You May Know Someone Living With Endometriosis (Even If They Don’t Know It Yet)

Endometriosis affects an estimated 1 in 10 women, yet many live for years — sometimes decades — without a diagnosis.

At Elysara, we have a dedicated Endometriosis Management Specialty Group because too many women are suffering in silence, being told their symptoms are “normal,” or managing pieces of the condition without addressing the whole picture.

Endometriosis is not just a gynecologic condition.

It is a systemic, inflammatory disease that can affect the pelvis, bowel, bladder, nerves, immune system, and overall quality of life.

Endometriosis does not always look the same — and not everyone experiences classic pelvic pain.

Commonly overlooked symptoms include:

• Bloating or abdominal distention, especially after eating certain foods (“endo belly”)

• Lower back pain, hip pain, or pain that radiates down the front of the leg, often worse during menstruation

• Painful intercourse

• Constipation, bowel changes, or GI discomfort

• Chronic fatigue that does not improve with rest

Some women experience little to no pelvic pain at all — yet still feel off in ways they can’t explain, including:

• Brain fog or difficulty concentrating

• Persistent fatigue

• Joint or muscle pain

• Digestive issues or food sensitivities

• Inflammatory flares that don’t fit a clear diagnosis

These symptoms are often dismissed, treated in isolation, or attributed to stress — leaving the underlying disease unrecognized.

Why This Matters Now

Endometriosis is being diagnosed more frequently, not because it’s new — but because women are finally being heard.

Many women spend 7–10 years seeking answers before receiving a diagnosis.

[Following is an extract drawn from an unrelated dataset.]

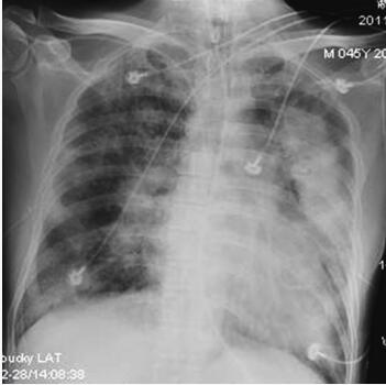 图63-1 起病第19天(入笔者医院当天)胸片提示两肺广泛感染
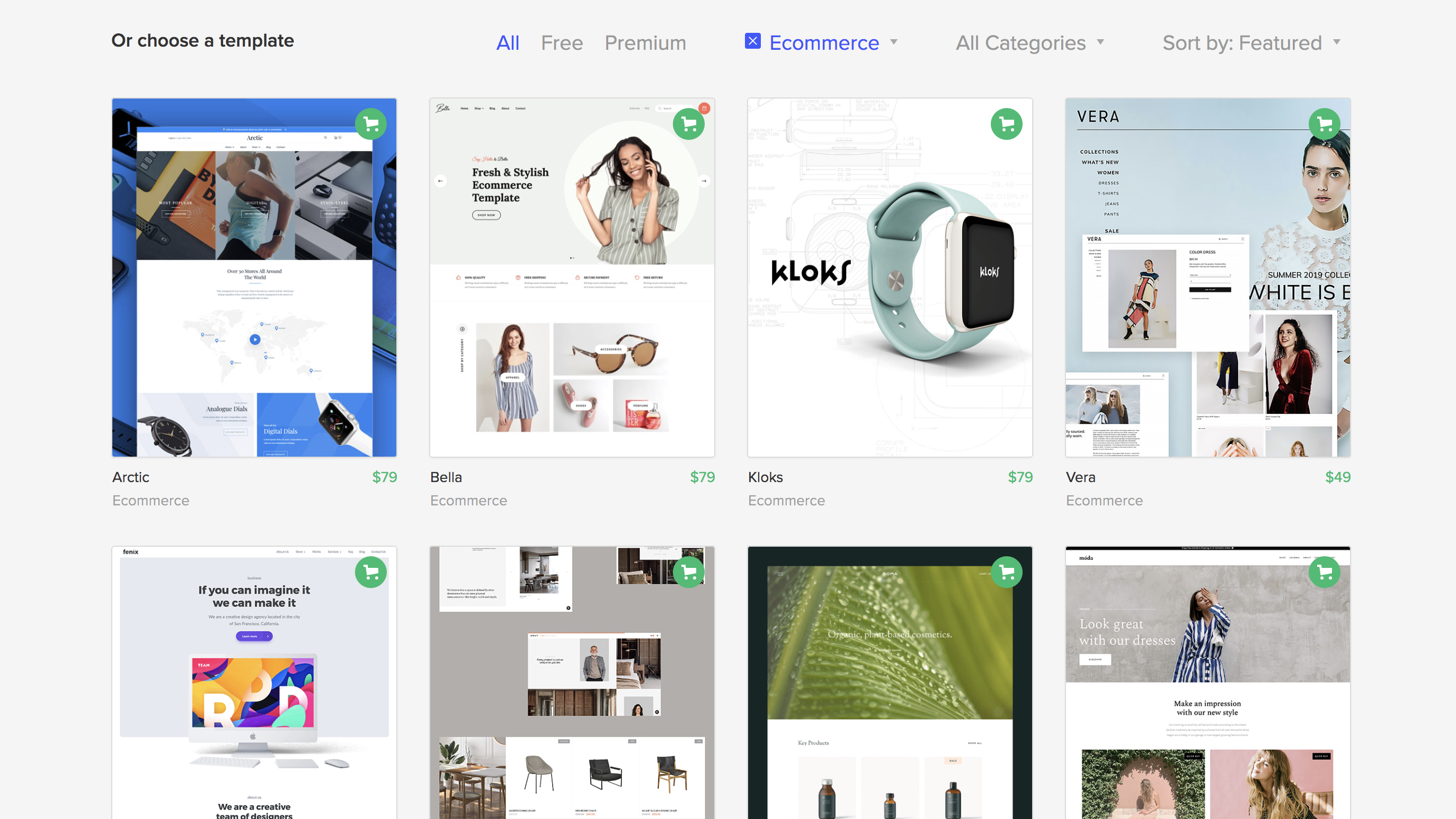 Webflow eComerce: Webflow eCommerce is a new platform and it offers 22 templates for eCommerce available for purchase in Webflow template store. Prices are from $49 to $129 with 6 free templates. They look good and can be used for a variety of business. Webflow's design tools allow users to customize these templates. Developers can make use of its extensive CMS platform.

During that time, inflammation progresses, symptoms worsen, and quality of life declines.

Our mission is to change that narrative.

What We Do at Elysara

Our Endometriosis Management Specialty focuses on supporting women before diagnosis, after diagnosis, and long-term — especially for those who feel lost between appointments or after surgery.

We help patients:

• Understand how endometriosis affects the entire body, not just the pelvis

• Address inflammation, immune dysregulation, gut involvement, and hormonal balance

• Navigate symptoms that persist even after surgery

• Build a personalized, integrative care plan that evolves with their body

This is not one-size-fits-all care.

It is thoughtful, individualized, and rooted in listening.

If you have a friend, sister, daughter, or loved one who struggles with any of the symptoms above — even if they’ve never been diagnosed — please share this with them.

Sometimes awareness is the first step toward answers.

Women deserve to feel heard.

They deserve clarity.

And they deserve care that looks at the whole picture.